## Aim of the exercise
Every line of the material needs an exact copy, apart from the images.

::: Data for review :::

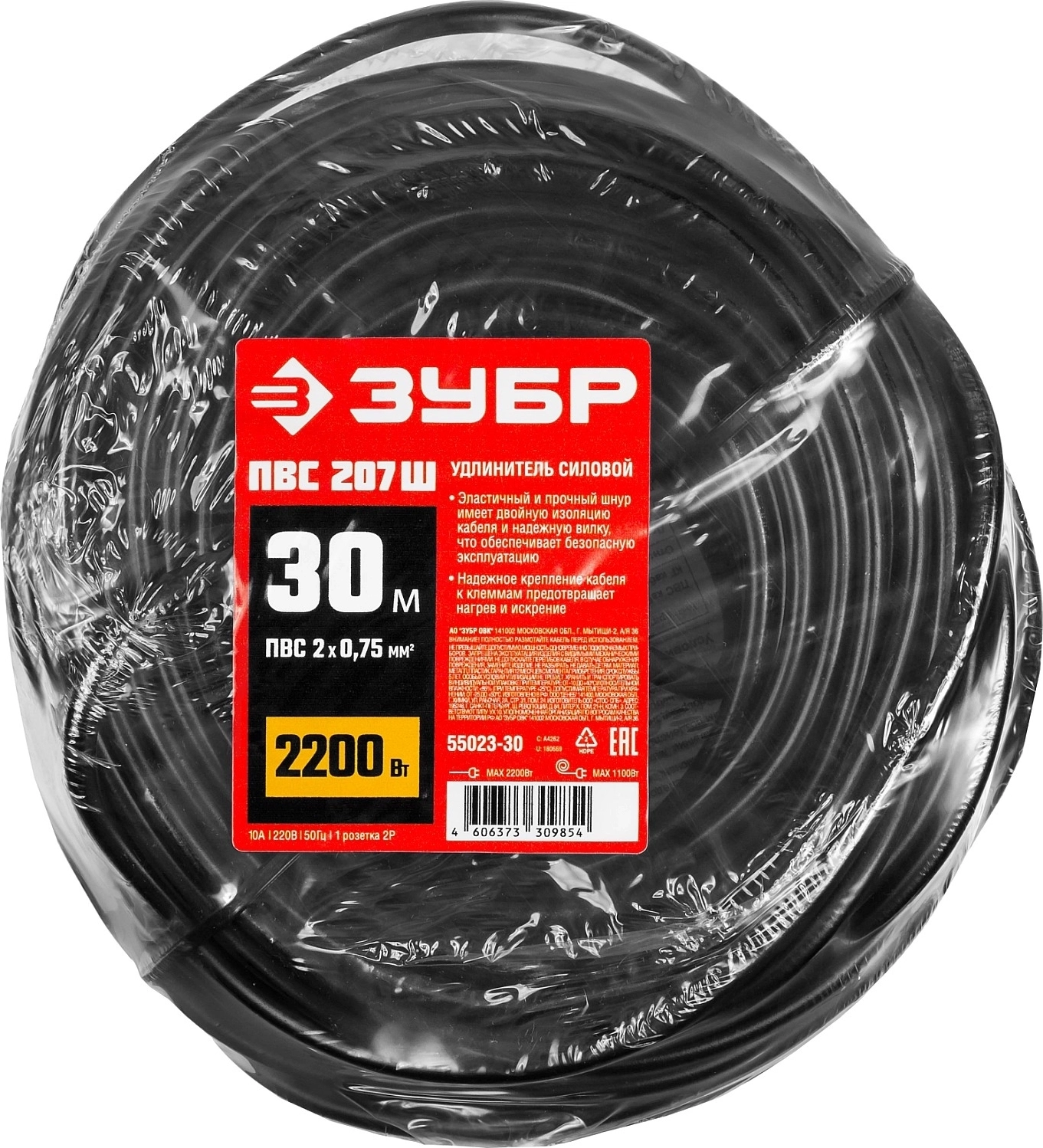 Силовой удлинитель-шнур ЗУБР ПВС-207-Ш, ПВС, 2 x 0.75 мм2, 30 м, 2200 Вт
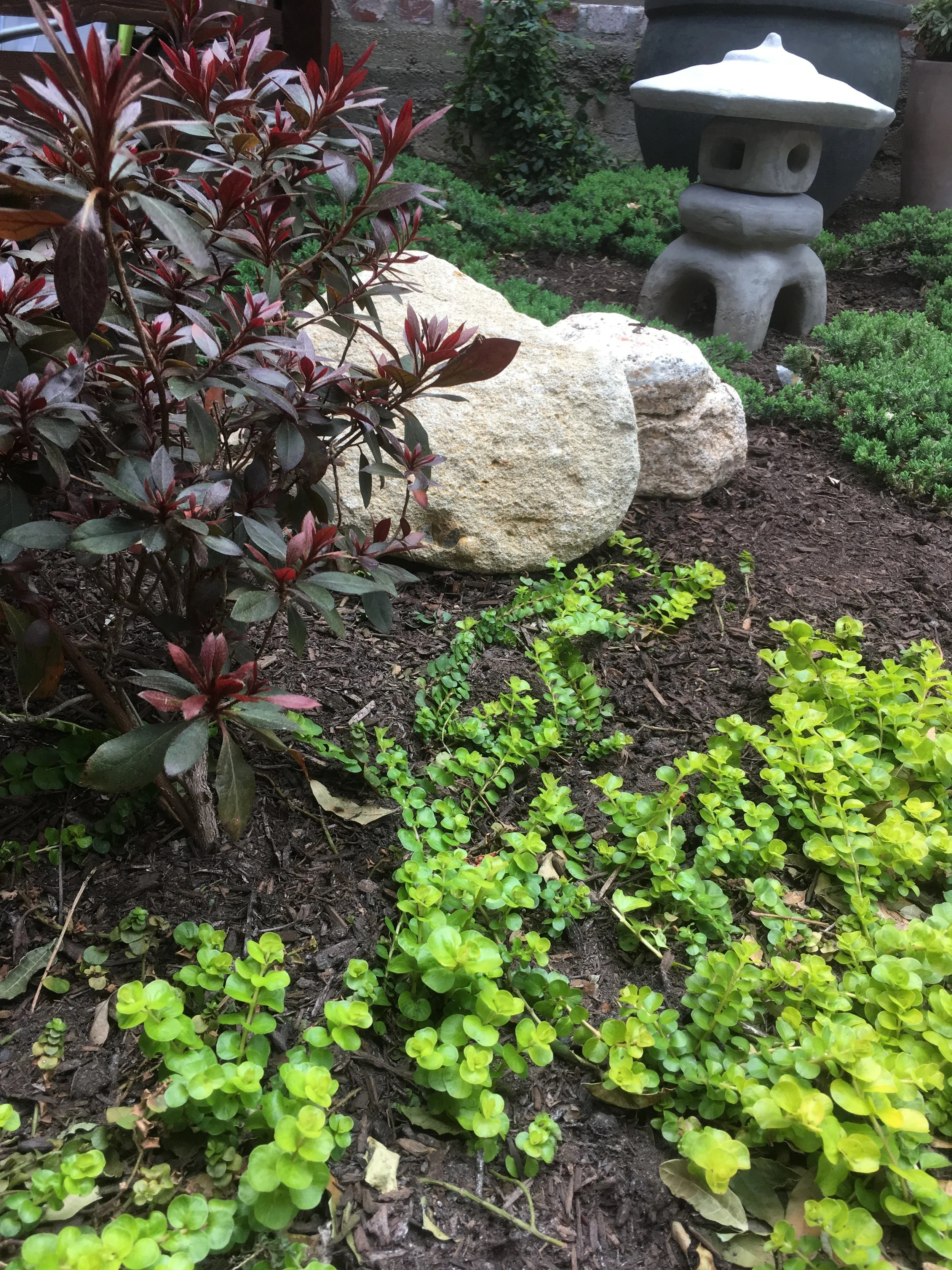 Burgundy azalea and Japanese maple look stately among green Juniper and golden creeping jenny.
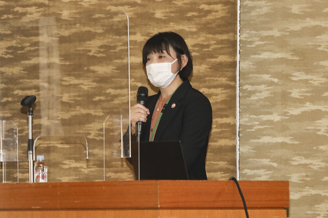 続いて、北池桂子が取り組み発表の場をいただいて登壇。「女性活躍推進・子育て支援への取り組み事例」と題してKIRARI WOMAN ネットワークの活動をはじめとした女性活躍支援と子育て支援、外国人財支援、働きやすい職場づくり、キャリア形成のプログラム、健康経営、地域貢献活動など、様々な活動や制度について発表しました。
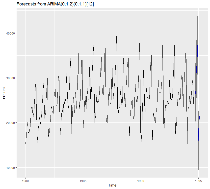 arima(x = wineind, order = c(0, 1, 2), seasonal = list(order = c(0, 1, 1), period = 12),
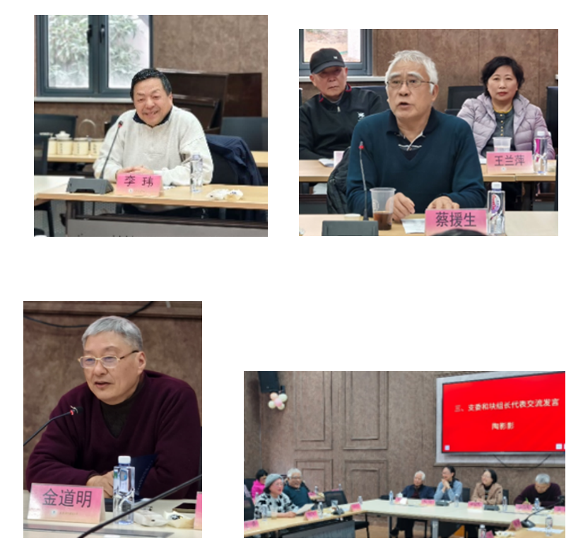 座谈会上,李玮、金道明、蔡援生、陶影影四位同志分别以第二党支部书记、第五党支部书记、徐汇区块组长、第三党支部书记兼普陀区块组长的身份做了发言。李玮在发言中强调做好党组织工作能为老同志带来政治方向感和人生价值感;金道明在发言中强调了离退休党建工作中稳定队伍和传承职责的突出重要性,对党组织换届相关工作提出了建议;蔡援生在发言中建议进一步加强块组工作规范化、标准化建设和对新任块组长的培训指导;陶影影在发言中抒发了对老龄生活的感悟,表示将继续用心用情做好老同志的服务工作,并为座谈会献上了“康定情歌”钢琴独奏曲。
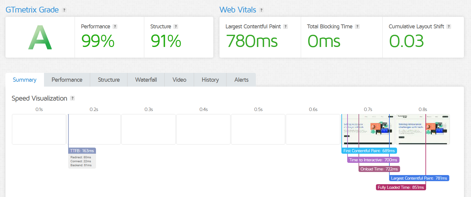 I always build my WordPress websites with speed in mind, and Toucanberry Tech was no exception. Just look at these speed test results from GTmetrix: fully loaded in 0.8 seconds!
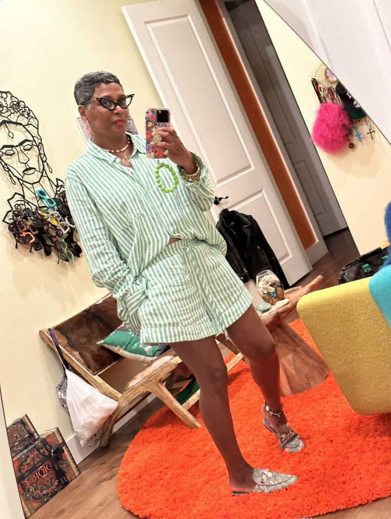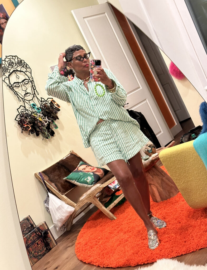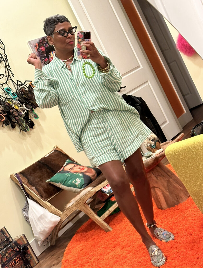 You can style this set with some cute, high heel sandals or sneakers. I chose to wear my slides.
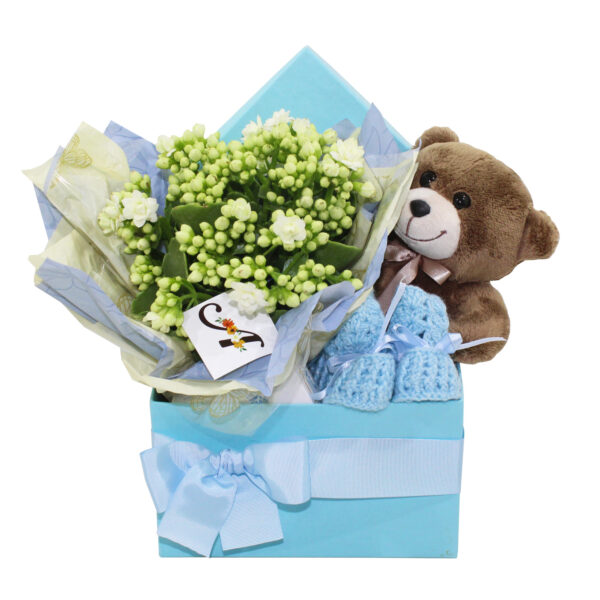 Caixa forrada com corino embalada em papel celofane contendo:
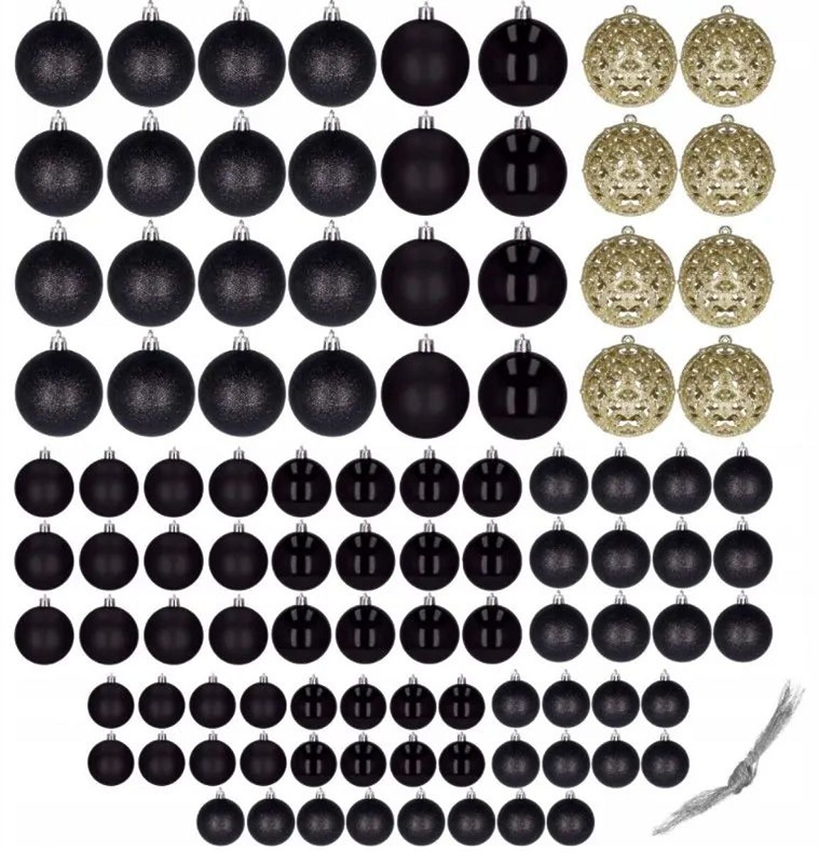 Nous vous présentons un ensemble de boules de Noël en plastique avec différentes finitions, qui enrichiront l'apparence de votre sapin de Noël. Les boules sont magnifiques sur l'arbre et résistantes aux chocs, vous permettant de passer les fêtes en toute tranquillité, sans souci pour les décorations de Noël. Créez une atmosphère magique de Noël pour tous. Les boules de Noël sont un élément indispensable de la décoration du sapin, permettant de ressentir l'atmosphère et la magie de Noël. L'ensemble présenté contient jusqu'à 100 pièces, suffisant pour décorer un sapin standard et, combiné avec des lumières, crée un effet merveilleux. Les boules sont disponibles en deux couleurs : noir et or. Ce duo est très élégant, original et attire immédiatement l'attention. De plus, les boules de Noël noires ont différentes finitions - de mate, brillante à scintillante. Chacune d'elles s'accorde parfaitement, créant un ensemble harmonieux et une décoration à la mode. Les boules présentées peuvent être accrochées avec succès non seulement sur un sapin vert traditionnel, mais aussi sur un blanc, comme s'il était couvert de neige. En outre, elles diffèrent par leur taille. L'ensemble comprend trois tailles : des boules de 6 et 4 centimètres de diamètre, ainsi que les plus petites, mesurant seulement 3 centimètres. Cela rend toute la décoration du sapin exceptionnelle et inhabituelle. Les boules de Noël noires sont fabriquées en plastique et PVC, ce qui les rend résistantes aux chocs. Elles conviennent parfaitement partout où il y a de jeunes enfants et des animaux. Même si elles tombent de haut, elles ne se cassent pas - vous pouvez donc les replacer sans problème sur une branche. Un sapin avec des boules noires est une belle décoration pour tout intérieur, quel que soit le style dans lequel il est aménagé. Non seulement glamour ou moderne, mais aussi loft et traditionnel. Il vaut la peine de se laisser séduire par des solutions non standard.
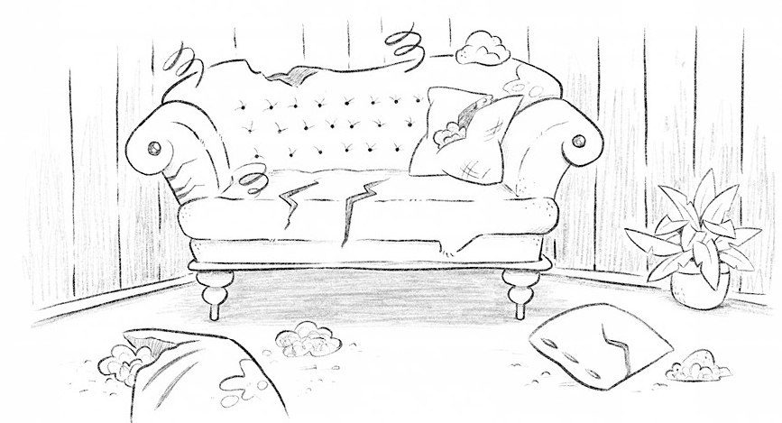 Weiter kam sie nicht. Was war denn hier los? Die Spitzengardine hing zerrissen herunter. Die große Vase lag in Scherben auf dem Boden. Auch die Kissen und Deckchen lagen unten. Aber das Schlimmste … ja, das Schlimmste war wohl das gute Sofa. Lange Risse gingen durch den Bezug, und die weiße, flauschige Füllung kam hervor. Das Wohnzimmer sah richtig verwüstet aus.
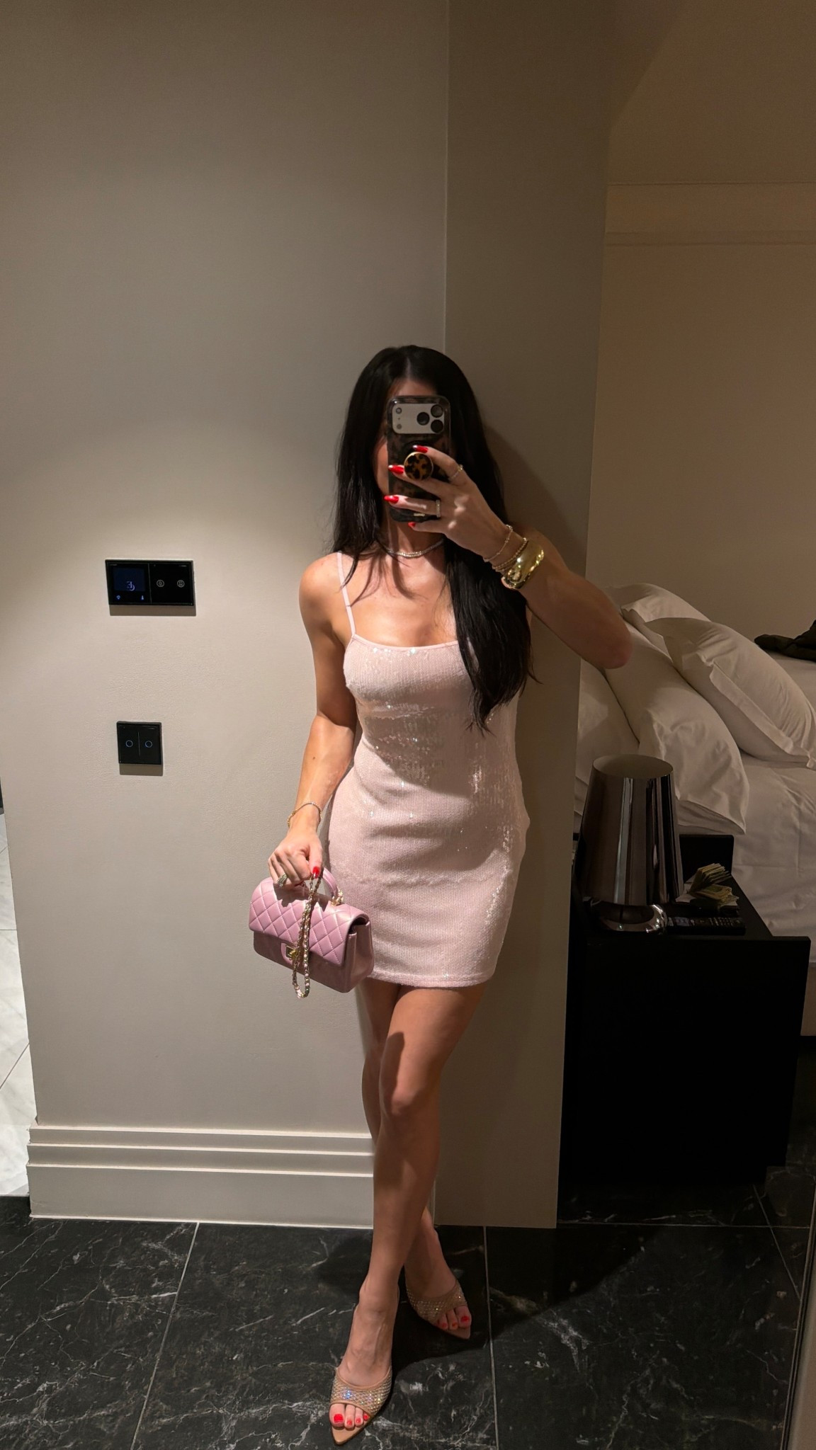 Pink sequins, mini dress from Edikted

:::

## Output of the exercise
 Силовой удлинитель-шнур ЗУБР ПВС-207-Ш, ПВС, 2 x 0.75 мм2, 30 м, 2200 Вт
 Burgundy azalea and Japanese maple look stately among green Juniper and golden creeping jenny.
 続いて、北池桂子が取り組み発表の場をいただいて登壇。「女性活躍推進・子育て支援への取り組み事例」と題してKIRARI WOMAN ネットワークの活動をはじめとした女性活躍支援と子育て支援、外国人財支援、働きやすい職場づくり、キャリア形成のプログラム、健康経営、地域貢献活動など、様々な活動や制度について発表しました。
 arima(x = wineind, order = c(0, 1, 2), seasonal = list(order = c(0, 1, 1), period = 12),
 座谈会上,李玮、金道明、蔡援生、陶影影四位同志分别以第二党支部书记、第五党支部书记、徐汇区块组长、第三党支部书记兼普陀区块组长的身份做了发言。李玮在发言中强调做好党组织工作能为老同志带来政治方向感和人生价值感;金道明在发言中强调了离退休党建工作中稳定队伍和传承职责的突出重要性,对党组织换届相关工作提出了建议;蔡援生在发言中建议进一步加强块组工作规范化、标准化建设和对新任块组长的培训指导;陶影影在发言中抒发了对老龄生活的感悟,表示将继续用心用情做好老同志的服务工作,并为座谈会献上了“康定情歌”钢琴独奏曲。
 I always build my WordPress websites with speed in mind, and Toucanberry Tech was no exception. Just look at these speed test results from GTmetrix: fully loaded in 0.8 seconds!
 You can style this set with some cute, high heel sandals or sneakers. I chose to wear my slides.
 Caixa forrada com corino embalada em papel celofane contendo:
 Nous vous présentons un ensemble de boules de Noël en plastique avec différentes finitions, qui enrichiront l'apparence de votre sapin de Noël. Les boules sont magnifiques sur l'arbre et résistantes aux chocs, vous permettant de passer les fêtes en toute tranquillité, sans souci pour les décorations de Noël. Créez une atmosphère magique de Noël pour tous. Les boules de Noël sont un élément indispensable de la décoration du sapin, permettant de ressentir l'atmosphère et la magie de Noël. L'ensemble présenté contient jusqu'à 100 pièces, suffisant pour décorer un sapin standard et, combiné avec des lumières, crée un effet merveilleux. Les boules sont disponibles en deux couleurs : noir et or. Ce duo est très élégant, original et attire immédiatement l'attention. De plus, les boules de Noël noires ont différentes finitions - de mate, brillante à scintillante. Chacune d'elles s'accorde parfaitement, créant un ensemble harmonieux et une décoration à la mode. Les boules présentées peuvent être accrochées avec succès non seulement sur un sapin vert traditionnel, mais aussi sur un blanc, comme s'il était couvert de neige. En outre, elles diffèrent par leur taille. L'ensemble comprend trois tailles : des boules de 6 et 4 centimètres de diamètre, ainsi que les plus petites, mesurant seulement 3 centimètres. Cela rend toute la décoration du sapin exceptionnelle et inhabituelle. Les boules de Noël noires sont fabriquées en plastique et PVC, ce qui les rend résistantes aux chocs. Elles conviennent parfaitement partout où il y a de jeunes enfants et des animaux. Même si elles tombent de haut, elles ne se cassent pas - vous pouvez donc les replacer sans problème sur une branche. Un sapin avec des boules noires est une belle décoration pour tout intérieur, quel que soit le style dans lequel il est aménagé. Non seulement glamour ou moderne, mais aussi loft et traditionnel. Il vaut la peine de se laisser séduire par des solutions non standard.
 Weiter kam sie nicht. Was war denn hier los? Die Spitzengardine hing zerrissen herunter. Die große Vase lag in Scherben auf dem Boden. Auch die Kissen und Deckchen lagen unten. Aber das Schlimmste … ja, das Schlimmste war wohl das gute Sofa. Lange Risse gingen durch den Bezug, und die weiße, flauschige Füllung kam hervor. Das Wohnzimmer sah richtig verwüstet aus.
 Pink sequins, mini dress from Edikted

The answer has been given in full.